Peristiwa inilah yang membuat Muhammadiyah di Sumpur Kudus mati suri selama sekitar 40 tahun. Pada tahun 2000 Muhammadiyah dihidupkan kembali namun sungguh tidak mudah dan tertatih-tatih. Hingga tahun 2020 dua anak panah Muhammadiyah, Sidiq dan Inggit, dilesatkan dari Yogyakarta.
Bagi Buya, kiprah dua anak panah Muhammadiyah selama hampir dua tahun yang gemilang ini telah membuka pintu bagi masuknya upaya untuk membangun kampung halaman, khususnya dalam hal pendidikan agama yang mencerahkan bagi masyarakat.
Pada 13-21 Maret 2022, saya berkesempatan mengunjungi dua anak panah Muhammadiyah di Nagari Sumpur Kudus dan Calau. Lima hari sebelum berangkat ke Minangkabau, saya berpamitan kepada Buya Syafii secara langsung yang saat itu masih dirawat di PKU Muhammadiyah Gamping.
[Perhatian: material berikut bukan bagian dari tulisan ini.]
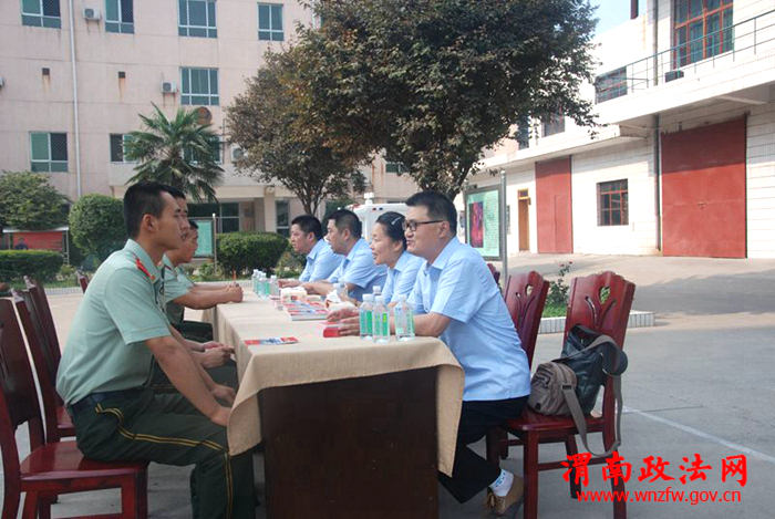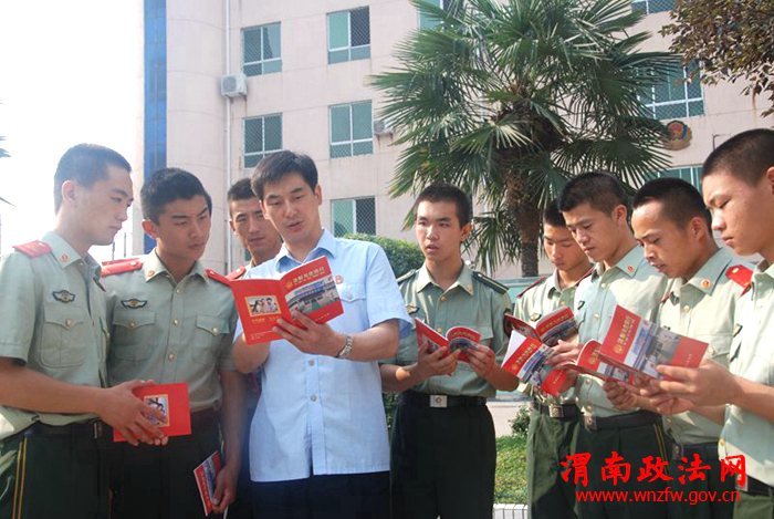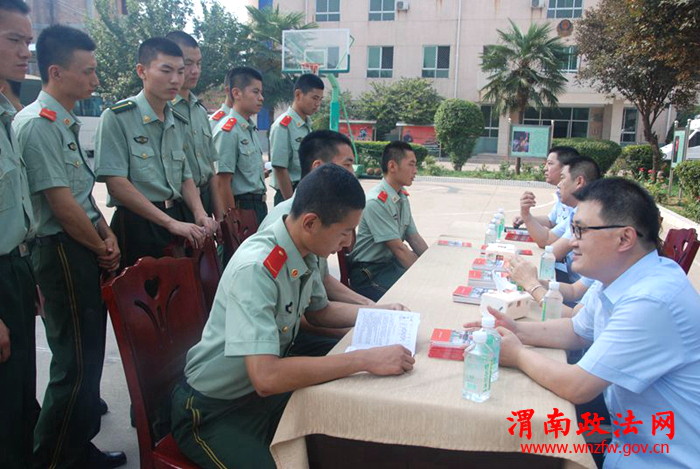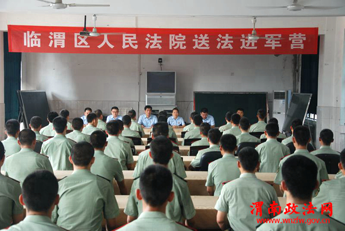 渭南政法网(特约通讯员 周东峰 高增恩)为了提高部队官兵的法律意识,保障军人的合法权益,7月30日,在八一建军节来临之际,临渭法院法官干警走进武警渭南支队,开展“送法进军营”法制报告会和普法宣传活动,向官兵发放有关法制宣传资料,积极为广大官兵提供法律咨询和法律帮助。

Mendengar kabar rencana keberangkatan itu, Buya bahagianya bukan kepalang. Senyuman itu tak dapat disembunyikannya. “Hebat! Hebat! Anda harus merasakan masakan orang kampung saya, enak sekali! Segera beri tahu Asmul!” kata Buya.
Di nagari ini nama Buya begitu harum. Salah satunya tentu karena kiprahnya dalam membangun kampung halaman, baik secara fisik maupun non fisik. Kepercayaan itu diberikan kepada mereka yang tulus dan lurus untuk dakwah Muhammadiyah. Meskipun jauh di mata, bagi Buya kampung halaman selalu dekat di hati.
Sejak belia, Buya dididik di Madrasah Ibtidaiyah Muhammadiyah Sumpur Kudus. Kemudian lanjut ke Madrasah Mu’allimin Muhammadiyah Balai Tengah, Lintau. Lalu Madrasah Mu’allimin Muhammadiyah Yogyakarta. Pendidikan formal 12 tahun ia tempuh secara penuh di Muhammadiyah.
Kampung halaman dan Muhammadiyah telah berjasa membentuk seorang Buya Syafii. Maka tak heran jika Buya kini berusaha berbuat semampunya untuk keduanya, meskipun sesungguhnya tak ada harap kembali. Kebaikan berbalas dengan kebaikan.
Doa setulusnya, semoga Buya selalu dirahmati Allah, diberikan kesehatan dan kekuatan. Rahmat Allah sangat dekat dengan orang-orang yang berbuat baik, demikian tertera dalam surat al-A’raf ayat 56.